EXERCISE MATERIAL
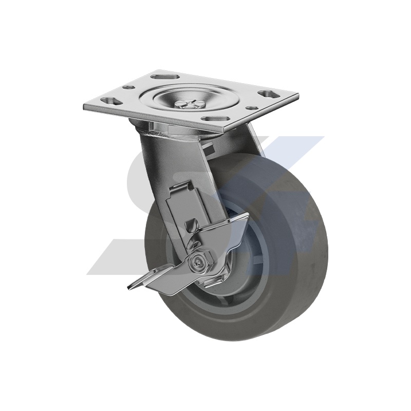 5 x 2" Zinc-Plated, Swivel Caster with Side Tread Lock Brake
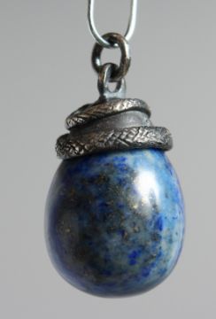 A RUSSIAN SILVER AND ENAMEL EGG PENDANT with snake.
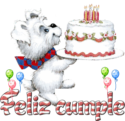 a dog is holding a birthday cake with candles and says feliz cumple in red
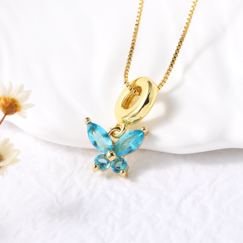 AS jewelry European and American niche design colorful butterfly pendant necklace gold-plated zircon clavicle chain nkb572
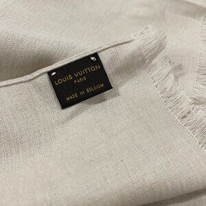 Very pretty Louis Vuitton made of silk, cashmere and wool. This is a preloved item. Please take a moment to look at photos for condition. The LV logo on the front has marks on it. Reach out for additional information.
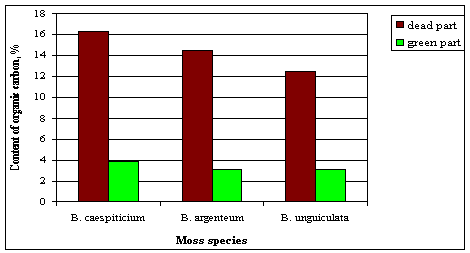 short dense (or friable) turf B. caespiticium and B. argenteum. The lowest indices of organic carbon content have been determined on
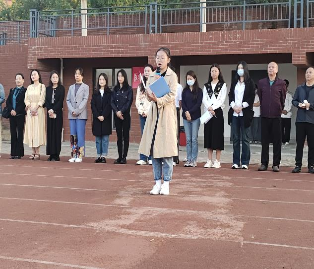 教艺学部2000余名师生参加了本次升旗仪式。校国旗班全体成员身着军礼服,迈着整齐且有力的步伐,护着国旗一步步踏向升旗台,全体师生精神饱满,昂首挺胸,庄严肃穆,行注目礼,注视着国旗在国歌中缓缓升起,升旗完毕后学生代表黄娟、团委指导老师谭青、教工党员代表徐乔婕分别发表了热情洋溢的讲话,鼓励广大学生在中华民族伟大复兴之际要更加努力学习、勇于担当,担负起历史赋予我们的使命。最后,学部主任王文要求同学们要“多读书,多读中国经典之书,尤其是要读《论语》、《孟子》、《大学》、《中庸》”,勉励同学们在未来的求学生涯中要勤奋努力,不负韶华。

EXERCISE REQUIREMENTS
Please print exactly the lines from the line containing "AS jewelry European" through the end of the records above, both included, leaving out every picture.

OUTPUT FOR THIS EXERCISE
 AS jewelry European and American niche design colorful butterfly pendant necklace gold-plated zircon clavicle chain nkb572
 Very pretty Louis Vuitton made of silk, cashmere and wool. This is a preloved item. Please take a moment to look at photos for condition. The LV logo on the front has marks on it. Reach out for additional information.
 short dense (or friable) turf B. caespiticium and B. argenteum. The lowest indices of organic carbon content have been determined on
 教艺学部2000余名师生参加了本次升旗仪式。校国旗班全体成员身着军礼服,迈着整齐且有力的步伐,护着国旗一步步踏向升旗台,全体师生精神饱满,昂首挺胸,庄严肃穆,行注目礼,注视着国旗在国歌中缓缓升起,升旗完毕后学生代表黄娟、团委指导老师谭青、教工党员代表徐乔婕分别发表了热情洋溢的讲话,鼓励广大学生在中华民族伟大复兴之际要更加努力学习、勇于担当,担负起历史赋予我们的使命。最后,学部主任王文要求同学们要“多读书,多读中国经典之书,尤其是要读《论语》、《孟子》、《大学》、《中庸》”,勉励同学们在未来的求学生涯中要勤奋努力,不负韶华。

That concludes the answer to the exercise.